US retail sales in sluggish start to quarter
Bloomberg in Washington
Retail sales in the United States were little changed last month, the worst performance in six months, as car demand slowed and tepid wage growth restrained consumers.
The slowdown in purchases followed a 0.2 per cent advance in June, the Department of Commerce said. Excluding cars, sales rose 0.1 per cent.
Job growth has yet to stoke the type of wage gains needed to boost household purchases, a sign the economic expansion will probably not sustain the second-quarter pickup into the end of the year.
Some retailers must rely on promotions and discounts to entice customers, whose spending accounts for about 70 per cent of the economy.
"We're seeing decent but not great consumer spending," said Christopher Low, the chief economist at FTN Financial. "Credit is limited and wage growth is stagnant."
Eight of 13 major categories showed an increase in sales last month, paced by clothing, grocery and personal-care stores, the report showed.
The labour market, while improving, has yet to return to full strength. Job openings rose in June to the highest level in more than 13 years, the Department of Labour said. Employers have added more than 200,000 jobs in each of the past six months, the best performance since 1997.

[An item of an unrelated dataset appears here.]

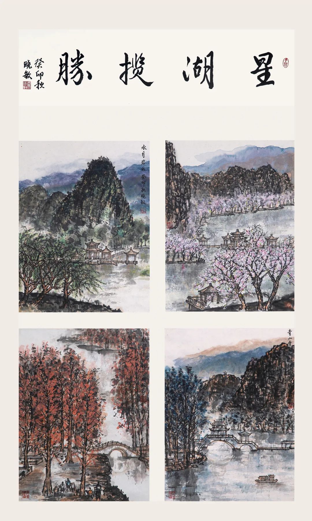 广发银行肇庆分行 黄晓敏《星湖揽胜》(作品是以中国画写生的形式描绘了星湖不同季节、不同角度的美丽风光,《水月岩云》《紫荆飘香》《青山叠翠》《秋韵》组合成星湖揽胜的组图,抒发了对肇庆绿水青山的热爱,用画笔记录城市之美、生活之美、岁月静好)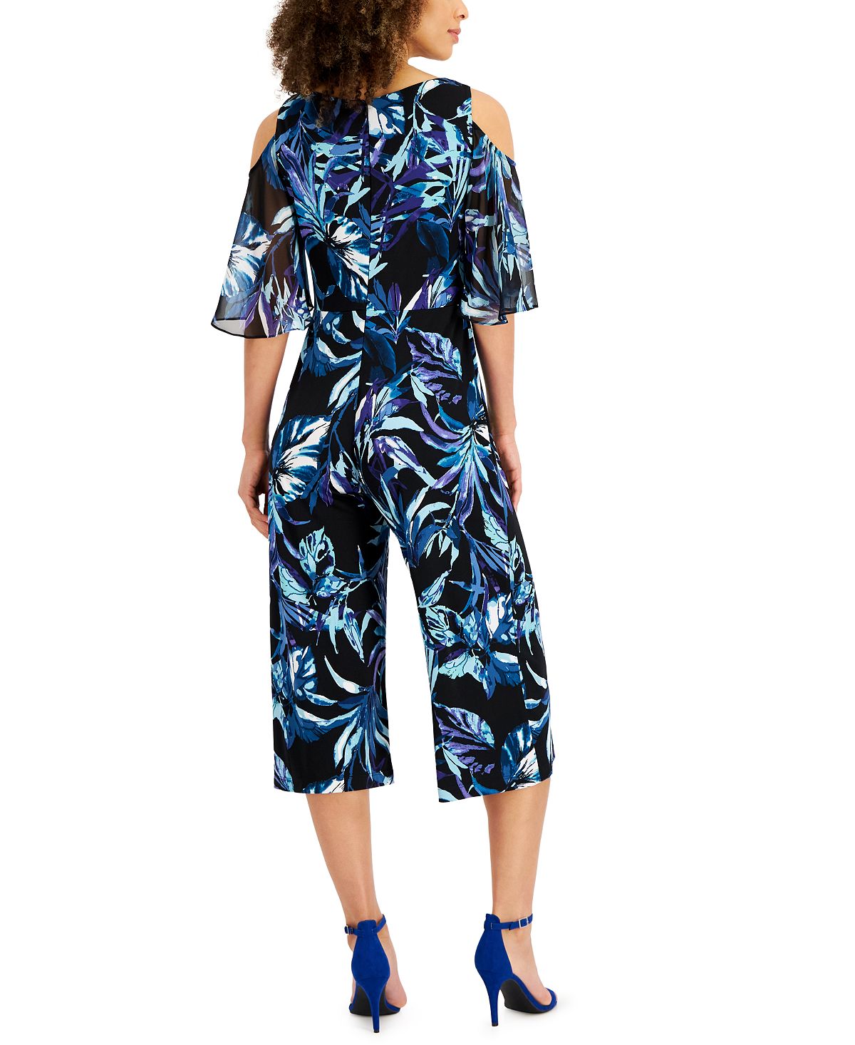 Vacation or weekend ready| this soft| stretchy jumpsuit from Connected features a gorgeous print and cold-shoulder cutouts.| Approx. inseam; 20| Jersey-knit; Soft and stretchy| Round neckline; back zipper closure| Cold-shoulder cutouts

Nonetheless, inflation-adjusted average weekly earnings dropped 0.2 per cent in the 12 months to June, the worst performance since October 2012, according to labour department data.
Among retailers, car dealers benefited from pent-up demand and easy access to credit, with car and truck sales up 6 per cent from a year ago, commerce department data showed.
Core retail sales, which excludes categories such as cars, petrol stations and building materials, climbed 0.1 per cent last month following a 0.5 per cent increase in June that was smaller than previously reported.
Core sales are used to calculate gross domestic product.
The world's largest economy grew at a 4 per cent annualised rate in the second quarter after contracting 2.1 per cent in the first three months of the year, its worst performance since 2009, during the final stages of the recession.